Si tuvieses que definir “el vínculo creador” en términos de producción, ¿En qué pondrías el acento? ¿Qué es lo vincular en la dinámica que planteás a los actores?
El vínculo creador tiene que ver con lo que puede provocar el encuentro con el otro en una situación que no está asignada. Ahí está el vínculo, lo que se tiene que construir. Me es imposible pensar la actuación desarraigada de un otro, de la presencia, la tensión, todo lo que puede promover un otro al individuo. En ese sentido lo pienso vincular, pero no en lo preestablecido, lo preseteado, sino en vínculos que se van dando a medida que se van probando cosas. Por ahí sí partimos de ciertas lógicas, pero son eso, inicios, formatos que permiten ir a otras formas más expresivas y no se quedan en lugares a nombrar, agotados. “A tiene tensión B”, no da, no genera nada. Que esa tensión crezca, tenga una consistencia. Creo que es tratar de que la actuación tenga distintas capas, que no quede solamente en eso, que el encuentro no se vuelva primario. Que las cosas muestren esa ambivalencia, más líquidas, más inestables, no en una única nota. Me parece interesante a la hora de laburar generarle a los cuerpos una carga biográfica paranoica, de estar más deseoso, más humano. Trato de detectar la estructura que plantean y alentarla, ir a eso que puede detonar la voluntad organizadora de la cabeza.
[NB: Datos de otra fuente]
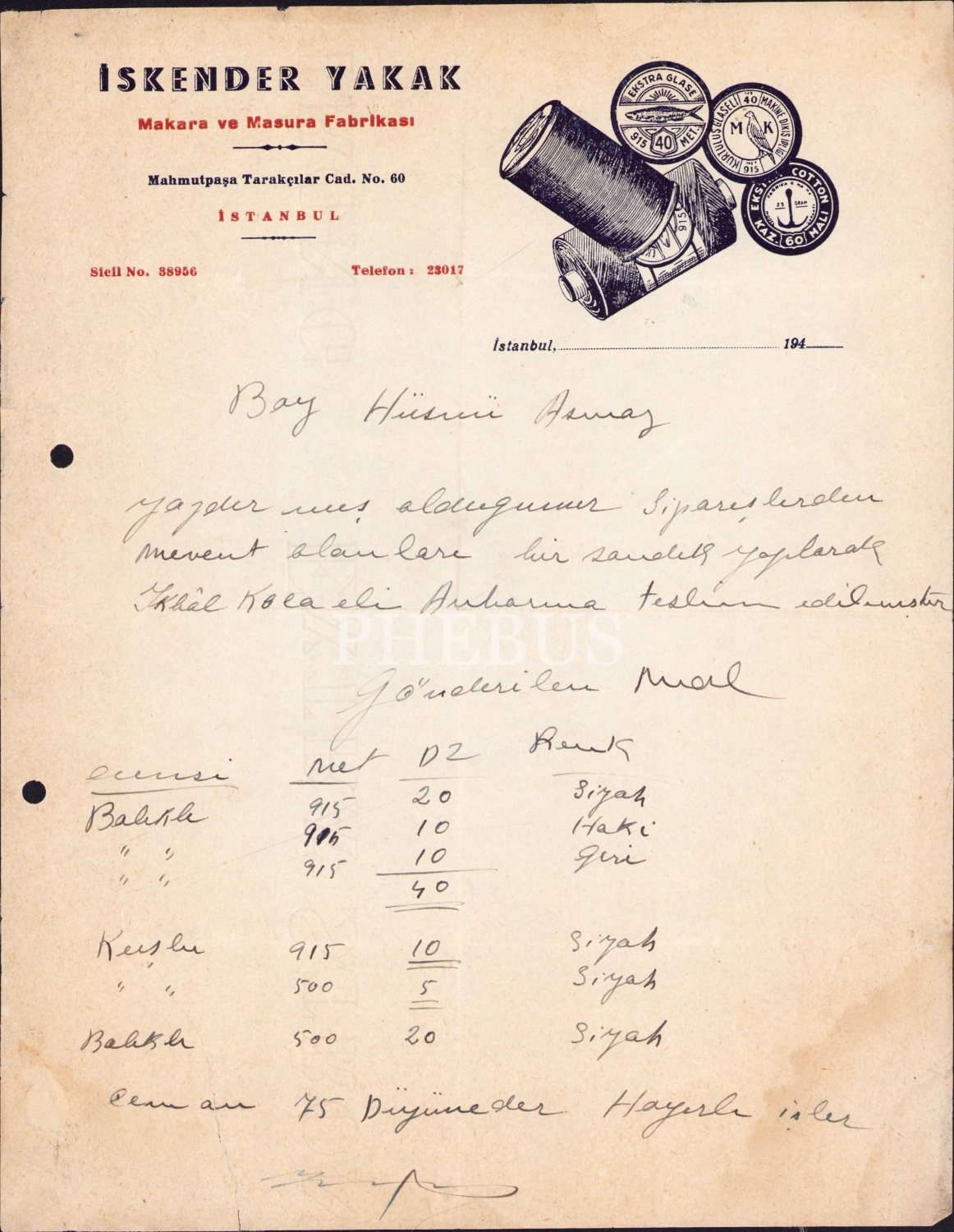 İskender Yakak Makarna ve Masura Fabrikası antetli doküman, 22x29 cm

Supongamos “la trama”. En ese sentido creo que el teatro es un poco deudor de los comportamientos egoístas, miserables, radicales, arbitrarios. Y por ahí son cosas que a veces se encuentran en el cine, como en una dilatación, donde los personajes se ven más frágiles, más ambiguos.
¿Y de qué se alimenta esa máquina que narra, qué materiales te interesan para poner en ese juego?
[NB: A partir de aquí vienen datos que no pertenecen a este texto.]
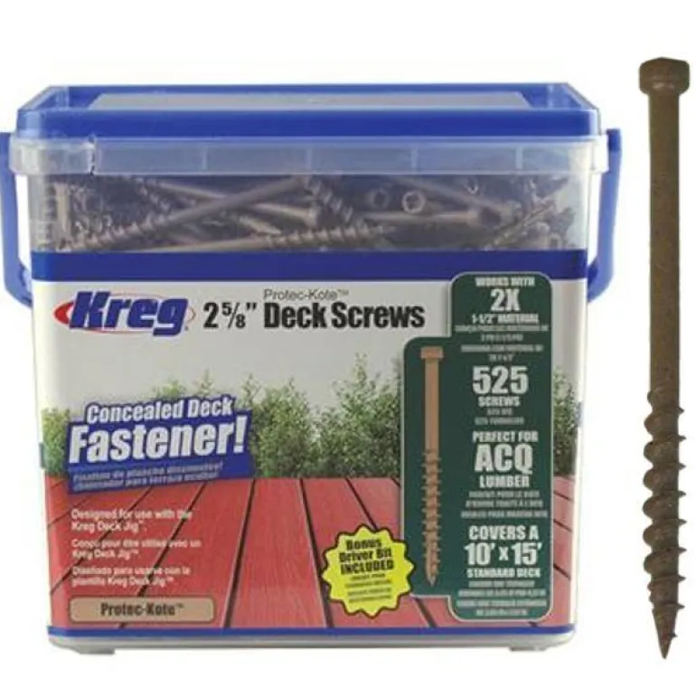 Kreg SDK-C262W-525 on 525 kpl 67 mm:n ruuveja ulkokäyttöön, 30-40 mm paksuille terassilaudoille. Protec-Kote-suojaus, väri sulautuu painekyllästettyyn terassilautaan.

Manoteo muchos cuentos. Me fascinan los norteamericanos, los que nombramos todos, pero me interesa mucho cómo funcionan en las relaciones del teatro. Los nueve cuentos de Salinger me parecen inagotables: unos que traccionan, unos que no entienden mucho por qué hacen lo que hacen. “Siete casas vacías”, de Samantha Schweblin, también: unas minas que no sabemos por qué se comportan como se comportan. Me interesa esa ambigûedad porque me interesa la humanidad. Cuando queda todo claro se ve la balanza, las operatorias. Que es algo de lo que decíamos antes, lo admiro en el cine y las series, eso que aparece a largo plazo. Me interesan esas otras situaciones que plantea la actuación.
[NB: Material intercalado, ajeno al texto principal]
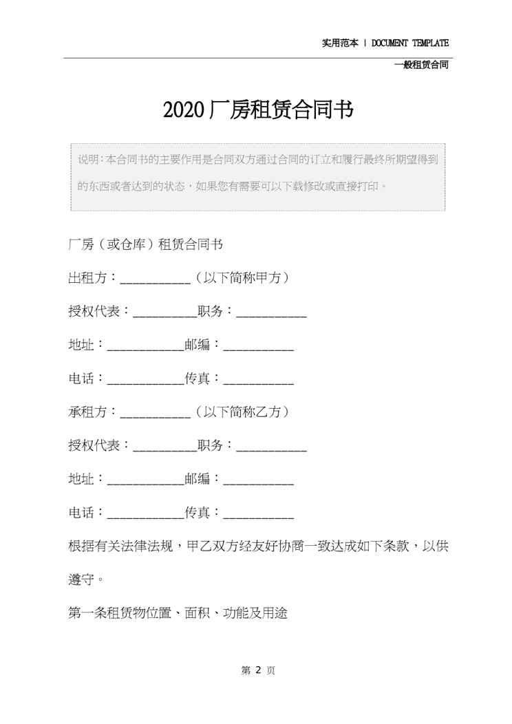 2020厂房租赁合同书2020厂房租赁合同书2020厂房租赁合同书2020厂房租赁合同书2020厂房租赁合同书

En ese proceso de construcción de lo vincular, que es casi de laboratorio, ¿Qué lugar tiene la escritura, o si se quiere la textualidad, que implica la puesta de una obra?
Parto de hipótesis. Envidio la dramaturgia, pero en el no nombrar las cosas es muy difícil un proceso dramatúrgico que no narre. Ahí es cuando me veo más de la experiencia. Por ahí me pasa, cuando veo el texto de las obras, que falta algo, hay vacíos. Ahí está, esa es la hipótesis que se desarrolla con los actores que me interesan y con las situaciones que plantean esos actores. La dramaturgia me parece necesaria, organizadora. Por lo general la uso en términos de montaje. Es un espacio de comprensión, de ver un cuerpo que pueda entender a dónde va, pero que esté siempre en crisis. La dramaturgia me interesa como colectora, no como autopista. La colectora son los vínculos, las tensiones, lo que no se dice. Prefiero ir por colectora. Y no pagar peaje. Ojo, me sigo peleando con mi propia ley. Ahora, por ejemplo, recibí un estímulo del FNA para hacer algo. Y bueno, hay que entregar algo escrito, ahí hay otra tensión fuerte con el tema de lo textual en términos de lo que hago.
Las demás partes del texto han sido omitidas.